11 Jul, 2013

1 commit

  • Pull virtio updates from Rusty Russell:
    "No real surprises"

    * tag 'virtio-next-for-linus' of git://git.kernel.org/pub/scm/linux/kernel/git/rusty/linux:
    MAINTAINERS: add tools/virtio/ under virtio
    tools/virtio: move module license stub to module.h
    virtio: include asm/barrier explicitly
    virtio: VIRTIO_F_ANY_LAYOUT feature
    lguest: fix example launcher compilation for broken glibc headers.
    virtio-net: fix the race between channels setting and refill
    tools/lguest: real barriers.
    tools/lguest: fix missing rmb().
    virtio_balloon: leak_balloon(): only tell host if we got pages deflated
    virtio-pci: fix leaks of msix_affinity_masks
    Fix comment typo "CONFIG_PAE"

    Linus Torvalds
     

10 Jul, 2013

1 commit

  • virtio net called virtqueue_enable_cq on RX path after napi_complete, so
    with NAPI_STATE_SCHED clear - outside the implicit napi lock.
    This violates the requirement to synchronize virtqueue_enable_cq wrt
    virtqueue_add_buf. In particular, used event can move backwards,
    causing us to lose interrupts.
    In a debug build, this can trigger panic within START_USE.

    Jason Wang reports that he can trigger the races artificially,
    by adding udelay() in virtqueue_enable_cb() after virtio_mb().
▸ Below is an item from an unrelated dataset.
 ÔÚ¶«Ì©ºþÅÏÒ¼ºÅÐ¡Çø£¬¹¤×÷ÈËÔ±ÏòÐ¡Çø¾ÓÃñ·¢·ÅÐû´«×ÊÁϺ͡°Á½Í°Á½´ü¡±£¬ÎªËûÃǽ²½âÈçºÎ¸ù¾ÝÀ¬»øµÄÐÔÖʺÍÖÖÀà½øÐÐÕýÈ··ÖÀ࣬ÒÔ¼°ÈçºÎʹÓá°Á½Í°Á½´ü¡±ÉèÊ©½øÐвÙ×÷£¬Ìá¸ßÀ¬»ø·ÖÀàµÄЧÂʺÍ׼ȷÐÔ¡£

    However, we must call napi_complete to clear NAPI_STATE_SCHED before
    polling the virtqueue for used buffers, otherwise napi_schedule_prep in
    a callback will fail, causing us to lose RX events.

    To fix, call virtqueue_enable_cb_prepare with NAPI_STATE_SCHED
    set (under napi lock), later call virtqueue_poll with
    NAPI_STATE_SCHED clear (outside the lock).
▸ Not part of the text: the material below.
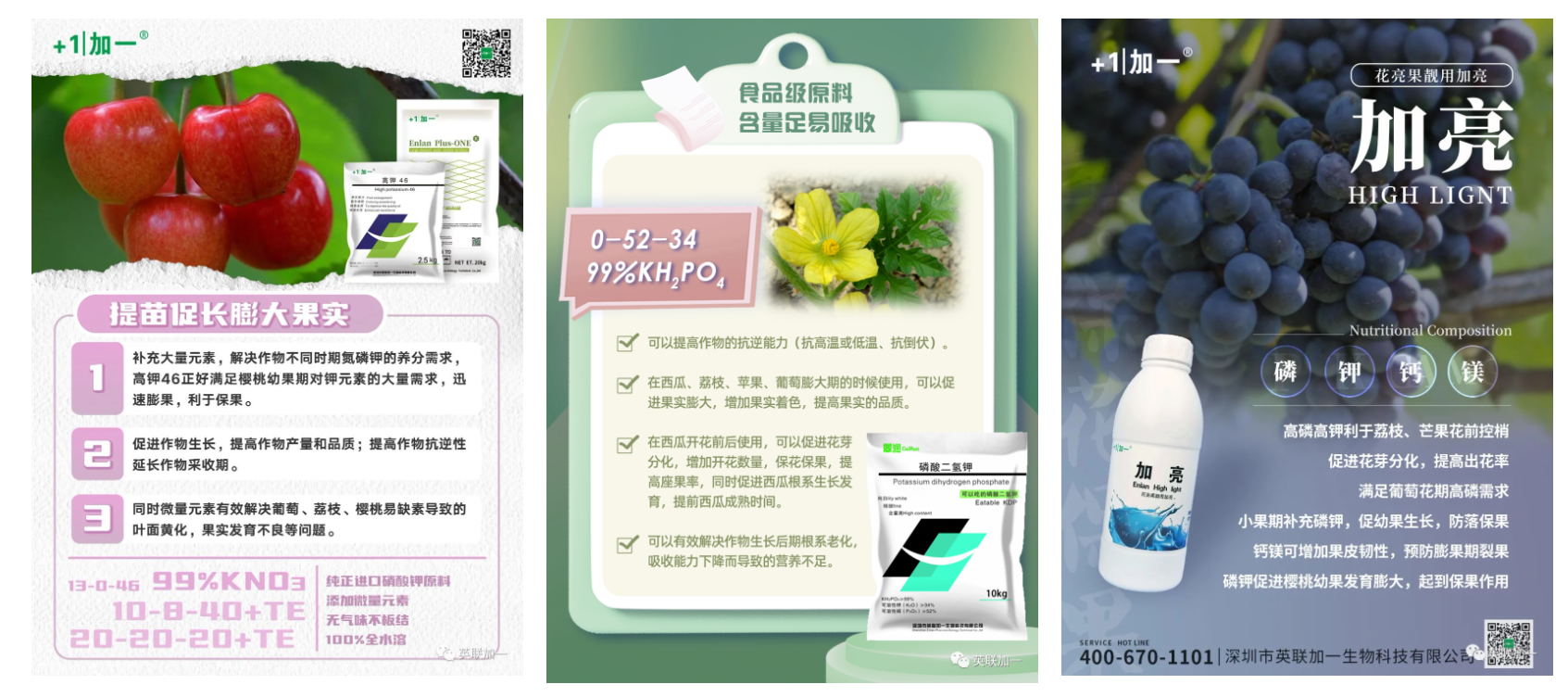 第四点:土壤干旱,磷不易被吸收,松疏的砂质土壤磷易被流失,均会诱发缺磷症 2、 施用平衡型大量元素水溶肥。 3、 施用磷酸二氢钾、高磷类叶面肥。 英联加一给柑橘补充磷元素的产品有:

    Reported-by: Jason Wang
    Tested-by: Jason Wang
    Acked-by: Jason Wang
    Signed-off-by: Michael S. Tsirkin
    Signed-off-by: David S. Miller

    Michael S. Tsirkin
     

04 Jul, 2013

1 commit

  • Commit 55257d72bd1c51f25106350f4983ec19f62ed1fa (virtio-net: fill only rx queues
    which are being used) tries to refill on demand when changing the number of
    channels by call try_refill_recv() directly, this may race:

    - the refill work who may do the refill in the same time
    - the try_refill_recv() called in bh since napi was not disabled

    Which may led guest complain during setting channels:

    virtio_net virtio0: input.1:id 0 is not a head!

    Solve this issue by scheduling a refill work which can guarantee the
    serialization of refill.

    Cc: Sasha Levin
    Cc: Rusty Russell
    Cc: Michael S. Tsirkin
    Signed-off-by: Jason Wang
    Signed-off-by: Rusty Russell

    Jason Wang
     

23 May, 2013

1 commit

  • Commit 55257d72bd1c51f25106350f4983ec19f62ed1fa (virtio-net: fill only rx
    queues which are being used) only does the napi enabling during open for
    curr_queue_pairs. This will break multiqueue receiving since napi of new queues
    were still disabled after changing the number of queues.

    This patch fixes this by enabling napi for all possible queues during open.

    Cc: Sasha Levin
    Signed-off-by: Jason Wang
    Acked-by: Rusty Russell
    Acked-by: Michael S. Tsirkin
    Signed-off-by: David S. Miller

    Jason Wang
     

12 May, 2013

1 commit

  • Since commit 82dc3c63c692b1e1d5937 ("net: introduce NAPI_POLL_WEIGHT")
    we warn drivers when they use napi weight higher than NAPI_POLL_WEIGHT,
    but virtio_net still uses 128 by default. This patch makes its default
    value to NAPI_POLL_WEIGHT.

    Cc: "Michael S. Tsirkin"
    Cc: Eric Dumazet
    Cc: David S. Miller
    Signed-off-by: Cong Wang
    Signed-off-by: David S. Miller

    Amerigo Wang
     

03 May, 2013

1 commit

  • Pull virtio & lguest updates from Rusty Russell:
    "Lots of virtio work which wasn't quite ready for last merge window.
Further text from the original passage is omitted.